C'est parce que je veux y échapper que je défends ardemment cette conception du journalisme ! Je campe sur mes positions ! Les critiques s'estompent au fil du temps, pourquoi ? Parce que ça marche de mieux en mieux sur BFMTV et RMC. Plus vous êtes dans la lumière et moins on vous critique, ce qui est assez stupide. Moi je revendique une forme de diféfrence, sans prétention. Si je peux aider des jeunes journalistes à savoir dire non...

"Il est inadmissibible que de très grands médias appartiennent à de très grandes entreprises"

Vous êtes un lanceur d'alerte ?
J'avertis ! "Lanceur d'alerte", c'est un peu trop fort. J'avertis d'une confusion et d'une irresponsabilité partagée. Le citoyen est aussi responsable, on ne peut pas tout demander au politique. Et je ne suis pas le porte-parole des auditeurs ! Parfois, on m'arrête pour ça dans la rue et on me dit, "Allez-y, rentrez-leur dedans ! il faut leur faire mal !". Vous imaginez la violence du propos ? Comme s'il y avait une immense rancoeur accumulée. Je me méfie de cette violence, c'est pour cela que je veux leur donner la parole, c'est aussi un exutoire. Même si l'heure que je passe avec eux, c'est 80% de témoignage avant de l'opinion.
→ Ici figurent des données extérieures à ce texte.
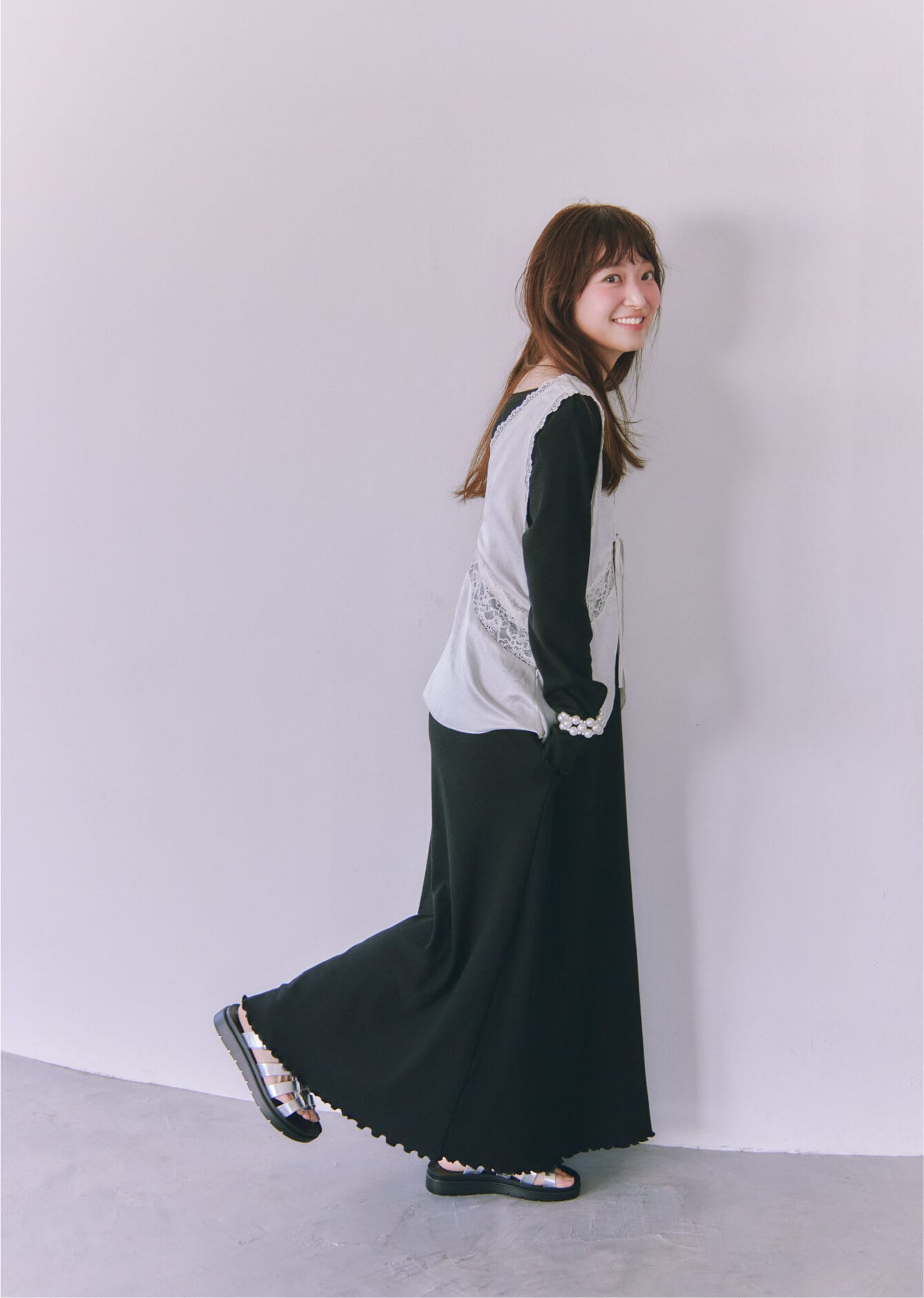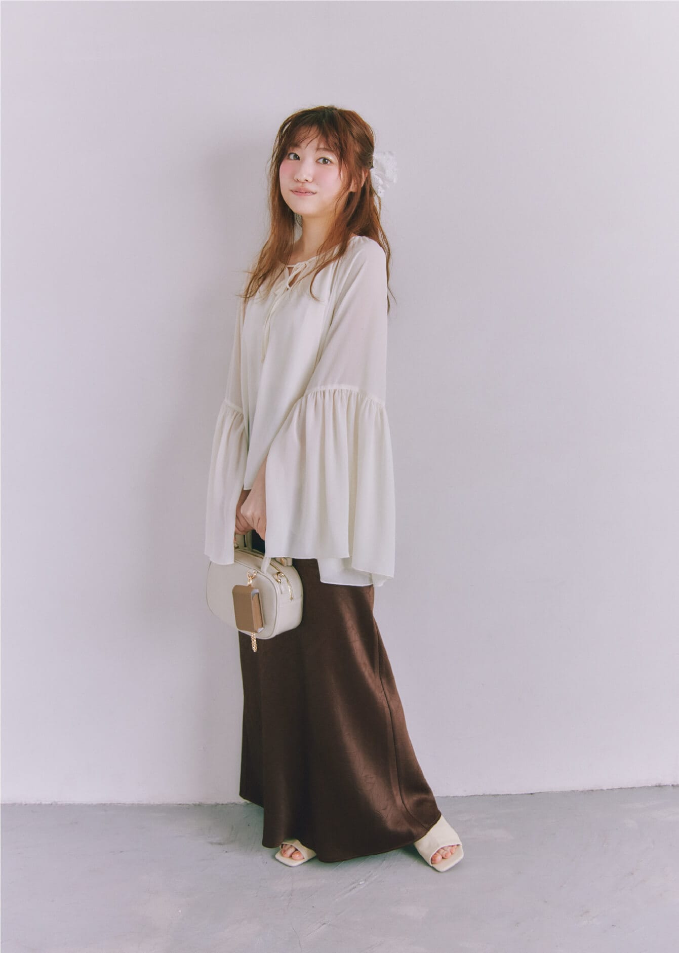 フェミニンな着こなしに定評のある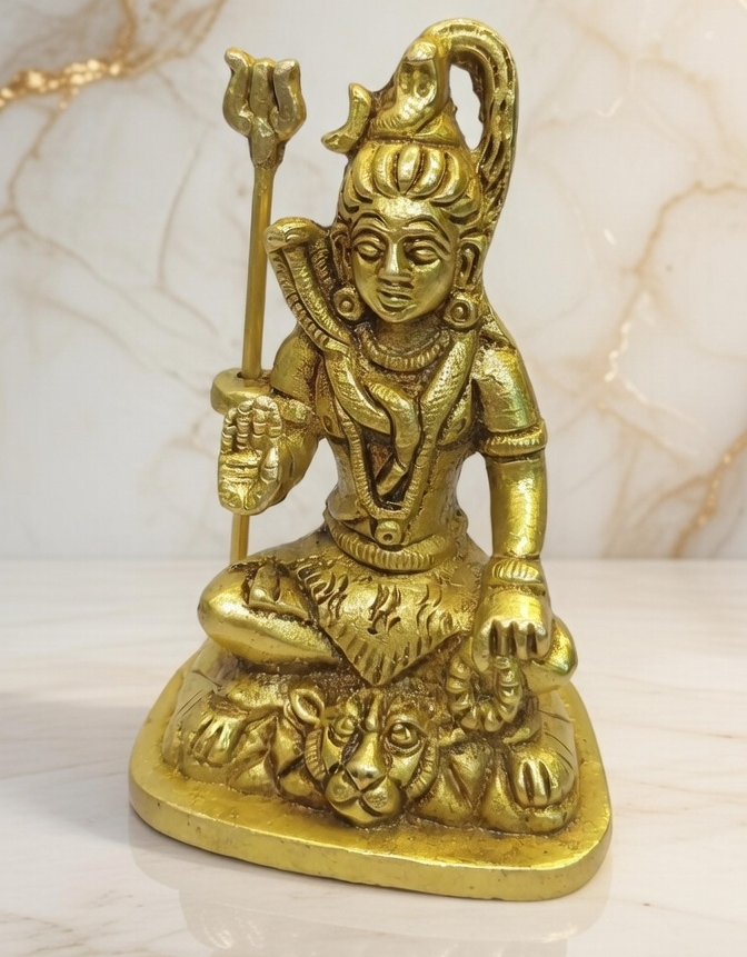 Artisanal Excellence: This idol is meticulously handcrafted from pure brass, featuring intricate details from the flowing Ganges in Shiva’s hair to the powerful Trishul (trident) held by his side.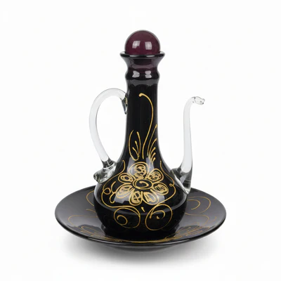 Elegant Black Art Glass Decanter & Plate Set – Handcrafted Gold Detail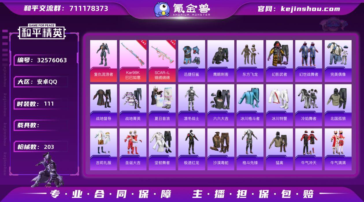 HM6725安卓Q区-素材号【可二次 双字ID 2粉装-3特效枪 地铁己开 小丑鱼 东方飞龙 SCAR-L-锦绣绵绵[5级] 角色-绯穹魔姬 角色-夜瞳黯灵 灵猫魔法师飞行器】2粉装-3特效枪-58306热力值-4王牌印记-156套装-203枪皮【优质套装】: 绯穹魔姬 复仇流浪者【特效枪等级】:Kar98K-巳巳如意(五级- Kar98K-巳巳如意)SCAR-L-锦绣绵绵(五级- SCAR-L-锦绣绵绵)【优质武器皮肤】: Kar98K-巳巳如意 SCAR-L-锦绣绵绵【稀有武器皮肤】: QBZ-纯真浪花 AWM-纯真浪花 汤姆逊-纯真浪花 DBS-乌木金纹 AA12-G-纯真浪花 平底锅-纯真浪花 SCAR-L-海盐豹豹 Kar98K-巳巳如意 SCAR-L-锦绣绵绵 M416-魔法学院 M416-红色方程式 M416-神秘黑猫 M416-蓝色火焰 M416-夜灯 M416-绯红前夜 AKM-夜灯 AKM-四圣焕新 AKM-生命誓言 AKM-乌木金纹 AKM-缤纷海域 AKM-破晓战魂 AKM-龙的传人 AKM-灼热熔岩 AKM-萌趣颜团子 AKM-霓虹街区 SCAR-L-红色方程式 SCAR-L-乌木金纹 SCAR-L-夜灯 SCAR-L-炫彩节奏 M16A4-机械英豪 M16A4-红色方程式 M16A4-蓝色火焰 M16A4-幻世战舞者 M16A4-夜灯 GROZA-绯红回忆 GROZA-乌木金纹 GROZA-影袭 GROZA-田园牧歌 GROZA-彩虹符号 GROZA-治愈之星 AUG-乌木金纹 AUG-耀粉歌者 AUG-凝视深渊 AUG-...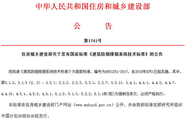 【安全公告】《建筑防煙排煙系統(tǒng)技術標準》GB51251-2017發(fā)布,2018年8月1日實施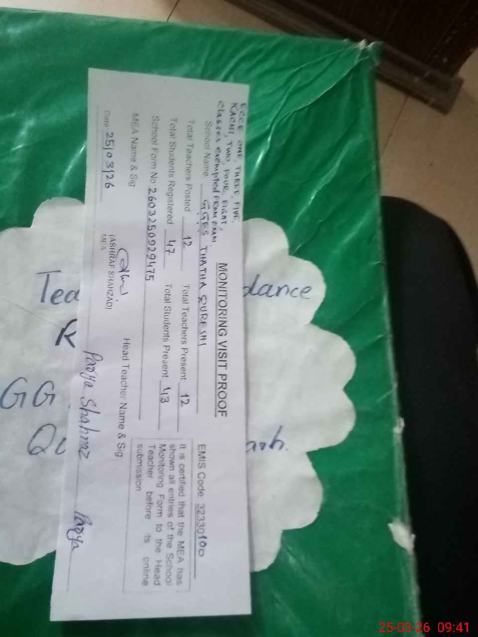 | EMIS Code: 32330100 | Name of School: GGES THATHA QURESHI | |||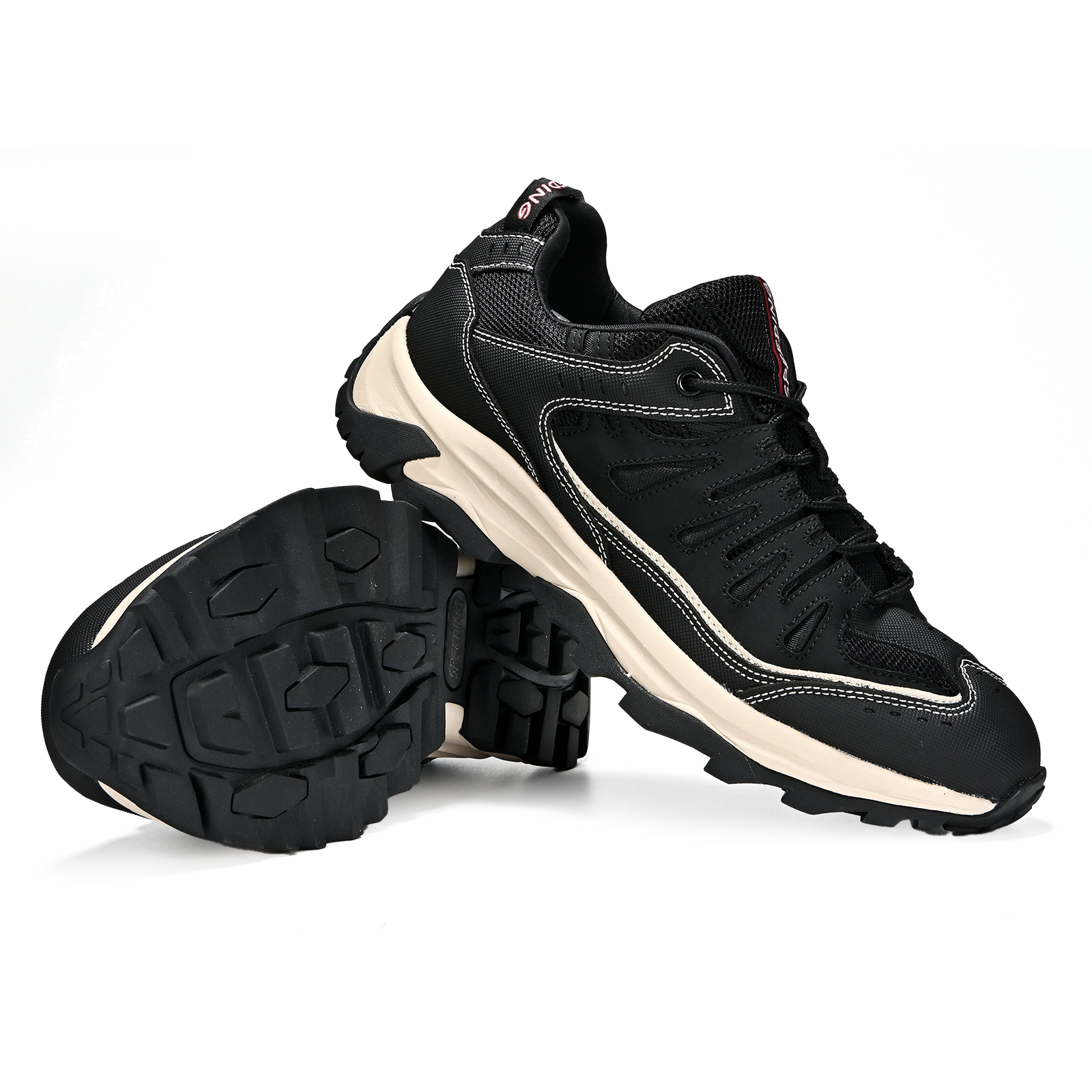 Built for the modern explorer, these men’s hiking shoes combine rugged performance with everyday style. Featuring a bold black-navy color block, breathable mesh panels, and an aggressive deep-lug sole, they’re engineered to handle forest trails, rocky slopes, and muddy paths while keeping your feet supported and secure. Whether you’re on a day hike, weekend camping trip, or just running errands, this pair is your go-to for durability, grip, and all-day comfort.

Vous écrivez aussi que "l'amabilité de TF1 à l'égard de l'Elysée a de quoi laisser songeur". Qu'entendez-vous par là ?
Il est inadmissible qu'en France, de très grands médias appartiennent à de très grandes entreprises (Bouygues pour TF1, NDLR), qui dépendent de la commande publique et donc de l'Etat. Je croyais que François Hollande avait fait la promesse de faire cesser ces pratiques. Je croyais qu'il avait redonné toute son indépendance au CSA. J'attends de voir dans les mois qui viennent, et nous pourrons mesurer cette nouvelle indépendance ! J'attends de voir si LCI va passer en gratuit. Nous verrons, nous apporterons les commentaires à ce moment-là.

TF1 a toujours été proche du pouvoir politique...
Oui, mais le nouveau pouvoir en place a toujours été contre la concentration des grands médias.

Vous dites être "libre", un "journaliste libre". Quel est le responsable politique le plus libre selon vous ?
Je pense à Daniel Cohn-Bendit, Jean-Pierre Raffarin, il y en a quelques uns... Ca semble vous gêner, ce titre de mon livre !

C'est provocant, à l'égard de vos confrères...
Oui, c'est provocateur. Mais j'assume cette liberté ! Mais encore une fois, cela ne veut pas dire que les autres ne le sont pas.